In de nieuwe toneelkunst werd gebruik gemaakt van spectaculaire visuele effecten. Niet langer werd een bos gesuggereerd met wat takken en aarde op het toneel, maar men beoogde nu een zo natuurgetrouw mogelijke benadering te geven van de uitgebeelde realiteit. Geschilderde decors in eenheidsperspectief met een centraal verdwijnpunt, suggestief gebruik van verlichting, rook, vuur en water riepen een illusionaire wereld op. Het decor en de toneelmachinerieën kregen in het baroktheater van de tweede helft van de zeventiende eeuw welhaast de hoofdrol toebedeeld. Italiaanse theaterbouwers reisden door heel Europa, en ook boeken als Sabbatini's Pratica di fabricar scene e macchine ne'teatri (1637) droegen ertoe bij dat deze opzienbarende toneelkunst toegankelijk werd voor een groot publiek. Ook de Amsterdamse Schouwburg moest aangepast worden aan de moderne smaak: het statische toneel met zijn suggestie van werkelijkheid voldeed niet meer.

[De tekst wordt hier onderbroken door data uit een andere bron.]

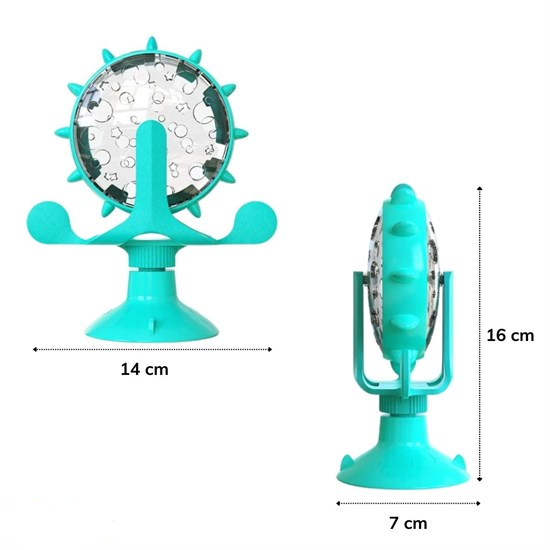 Эта вращающаяся игрушка с колёсами имеет конструкцию, напоминающую мельницу, которая позволяет кошке вращаться на 360 градусов лёгким нажатием на колесо. Игрушку можно остановить во время вращения. Вы можете добавить корм или лакомства, сняв мягкий стопор сверху.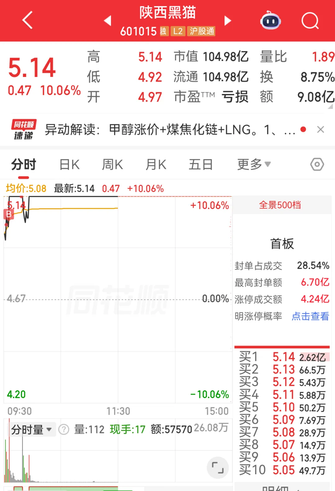 1、陕西黑猫,早盘煤炭兴化股份一字板涨停,半路7个点一笔,板上加了一笔;

Plattegrond van de verbouwde schouwburg met een aantal kunst- en vliegwerken

De verbouwing, waarvan Vos de mede-initiator was, werd in korte tijd gerealiseerd. De regenten van de Schouwburg verzochten de architect Philips Vingboons in november 1663 een ontwerp te maken voor het nieuwe theater. In de zomer van 1664 werd begonnen met de verbouwing van de Schouwburg aan de Keizersgracht, ter hoogte van het huidige nummer 384. Al in mei van het volgend jaar was de 'nieuwe' Schouwburg klaar.

In de lengte van een hoefijzervormige zaal werd een diep toneel gebouwd, dat nu voor het eerst door een toneelboog van de zaal was gescheiden: een zogenaamd 'lijsttoneel'. Trots kondigde Schouwburghoofd en stadsbeschrijver Tobias van Domselaar aan dat dit nieuwe toneel aldus zou worden ingericht:

'na d'ltaliaanze manier als men nu te Venetien gebruykt, met alle bedenkkelijke (denkbare) en schiellijkke veranderingen van Perspectiven of inzichten, en Vliegende Werkken, die men Machines noemt op dat d'aanschouwers alle omstandigheden van de plaatzen der speelen. als Paleyzen, Steden, Dorpen, Zaten, Landtschappen, Hoven, Bossen, Rotzen, Bergen, Duynen, Stranden, Zeen, Hemel, Hel, met hun behoorlijk [hierbij passend] gezwier, van allerley Geesten, Dieren, Vogelen, Visschen, & Soo natuurlijk en als levendig, benevens d' actien en beweeglijkheden der Speelders, zullen konnen zien.'

Dat wil zeggen: een toneel met perspectivisch beschilderde zijschermen (coulissen) en achterdoek, die dankzij een ingenieus systeem van kabels, katrollen en gewichten, snel verwisselbaar waren in het zicht van het publiek.

Naast een nieuw decoratief kreeg de Schouwburg nog meer zogenaamde 'Sieraaden van het Tooneel'. Met deze term duidde men in de zeventiende eeuw de visuele elementen aan die het drama opsmukten: stomme vertoningen (tableaux vivants), en kunst- en vliegwerken.